§ Problem details: The lines below, from the first through the one containing "Лакована візитниця з", are to be given again exactly, with pictures left out and nothing added.
Data extract Block Start
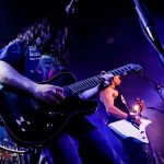 «I Dream That I Can Fly» nos llevó al momento más íntimo de la noche para el cual contó Manu con una acústica adicional apoyada en una peana y el cambio de su propia guitarra eléctrica, mientras explicaba al respetable el loable fin al que se destinan las descargas de este tema al ser los beneficios íntegramente donados a La Federación Española De Parkinson. Para esta canción, el grupo contó sobre el escenario con la colaboración a la voz de Sam Gómez (SONICSPOON) y el tema empezó con acústicas y acordes muy norteamericanos que nos mostraron un cambio de estilo dentro del Heavy Metal por parte de la banda, cambio que derivó hacia un Hard matizado por Gómez con un registro brutal entre agudos y graves a placer perfectamente complementados con y por la voz de Manu, compaginándose ambas en determinados momentos del tema arropadas por la guitarra acústica a cuyo frente se situó el propio Manu y una batería que acarició el ritmo de la canción con generosidad, mientras Rodri redondeó el espectáculo con riffs marca de la casa despidiendo el tema y a Sam Gómez de forma magistral y dando comienzo de igual forma a «Stranger» con un bajo muy volcado y en general alto protagonismo de las percusiones, que mantuvieron un tono alto al juntarse con dos guitarras centradas en esta ocasión en un nuevo juego misterioso rozando el Progresivo que cortaron en el siguiente, mostrando de nuevo esa apertura de estilos dentro de un Metal clásico que hace difícil el encasillamiento.
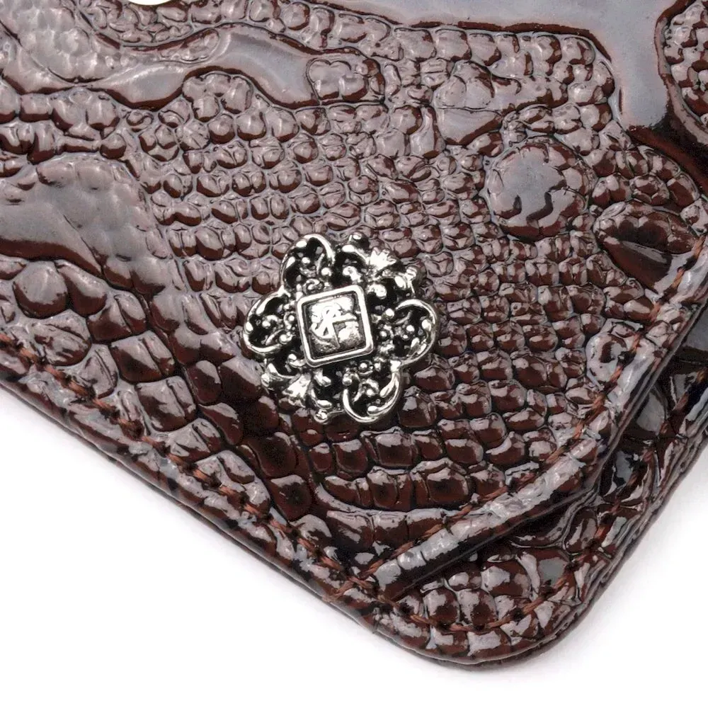 Лакована візитниця з натуральної фактурної шкіри KARYA 20956 Коричневий
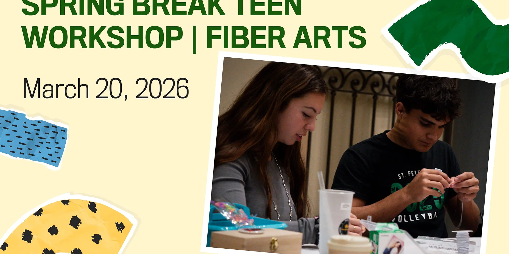 The Museum of Fine Arts St. Petersburg is hosting its first-ever week of Spring Break Teen Workshops! Students from ages 13-17 are invited to join us for immersive days of learning, creativity, and hands-on artmaking. Teens can register for a single day or mix and match sessions throughout the week. Purchase the full-week package for a discount! Explore the creative world of natural and synthetic fibers, from patterned fabrics to textured threads, and learn how to transform them into original works of art. Teens will experiment with fashion design, embroidery, weaving, and more. Bonus! All participants will leave this workshop with their own sewing kit to continue creating at home. Spring Break Teen Workshop | Fiber Arts Friday, March 20, 2026 9:00 AM–3:45 PM Museum of Fine Arts, St. Petersburg 255 Beach Drive NE, St. Petersburg FL 33701 Members – $50, Not-Yet Members – $60 GET TICKETS Check out the full Spring Break Teen Workshop schedule here and plan your week. Pre-registration is required to prepare for a successful workshop. Walk-up participants will not be accepted. Not yet a member? Become a member today and enjoy all the benefits membership at the MFA offers! MFA Members enjoy free admission for an entire year, early access to special exhibitions, discounts at the MFA Shop and Café Clementine, special member-only exclusive events, and more. Bring the whole family! BECOME A MEMBER Workshop Dates & Time March 16–20, 2026 9:00 AM–3:45 PM daily Spots are limited—register early to secure your place! Spring Break Teen Workshop Package March 16–20, 2026 Can’t choose just one workshop? The Spring Break Teen Workshop Package includes all five days at a discounted rate! Participants will paint, collage, print, sew, and explore art history spanning 5,000 years. Pricing: Members: $200 Not-Yet Members: $275 Purchase the package here. Daily Workshop Themes Monday, March 16: Paint! Tuesday, March 17: Collage & Mixed Media Wednesday, March 18: Print! Thursday, March 19: Art & Archaeology Friday, March 20: Fiber Arts Daily Workshop Schedule 8:45–9:00 AM: Drop-off 9:00 AM–12:00 PM: In-Gallery Docent Tour & Art Projects 12:00–12:45 PM: Lunch Break* 12:45–3:45 PM: Main Art Project & Artist Statements 3:45–4:00 PM: Pick-up *Teens are not permitted to leave the Museum of Fine Arts (MFA) campus at any time during the day, including lunch. Participants may bring lunch from home or purchase food and drinks from Café Clementine inside the MFA Conservatory. Note: Café Clementine is closed on Mondays—students attending Monday workshops must bring their own lunch. Teens are encouraged to bring a reusable water bottle each day. Parking Paid self-parking is available on a first-come, first-served basis in the south parking lot and along Bayshore Drive. Parking meters accept cash, credit cards, or the ParkMobile app. Additional parking garages are located within walking distance of the museum. Fees may vary and are not monitore...
Data extract Block End
§ Completed exercise:
 «I Dream That I Can Fly» nos llevó al momento más íntimo de la noche para el cual contó Manu con una acústica adicional apoyada en una peana y el cambio de su propia guitarra eléctrica, mientras explicaba al respetable el loable fin al que se destinan las descargas de este tema al ser los beneficios íntegramente donados a La Federación Española De Parkinson. Para esta canción, el grupo contó sobre el escenario con la colaboración a la voz de Sam Gómez (SONICSPOON) y el tema empezó con acústicas y acordes muy norteamericanos que nos mostraron un cambio de estilo dentro del Heavy Metal por parte de la banda, cambio que derivó hacia un Hard matizado por Gómez con un registro brutal entre agudos y graves a placer perfectamente complementados con y por la voz de Manu, compaginándose ambas en determinados momentos del tema arropadas por la guitarra acústica a cuyo frente se situó el propio Manu y una batería que acarició el ritmo de la canción con generosidad, mientras Rodri redondeó el espectáculo con riffs marca de la casa despidiendo el tema y a Sam Gómez de forma magistral y dando comienzo de igual forma a «Stranger» con un bajo muy volcado y en general alto protagonismo de las percusiones, que mantuvieron un tono alto al juntarse con dos guitarras centradas en esta ocasión en un nuevo juego misterioso rozando el Progresivo que cortaron en el siguiente, mostrando de nuevo esa apertura de estilos dentro de un Metal clásico que hace difícil el encasillamiento.
 Лакована візитниця з натуральної фактурної шкіри KARYA 20956 Коричневий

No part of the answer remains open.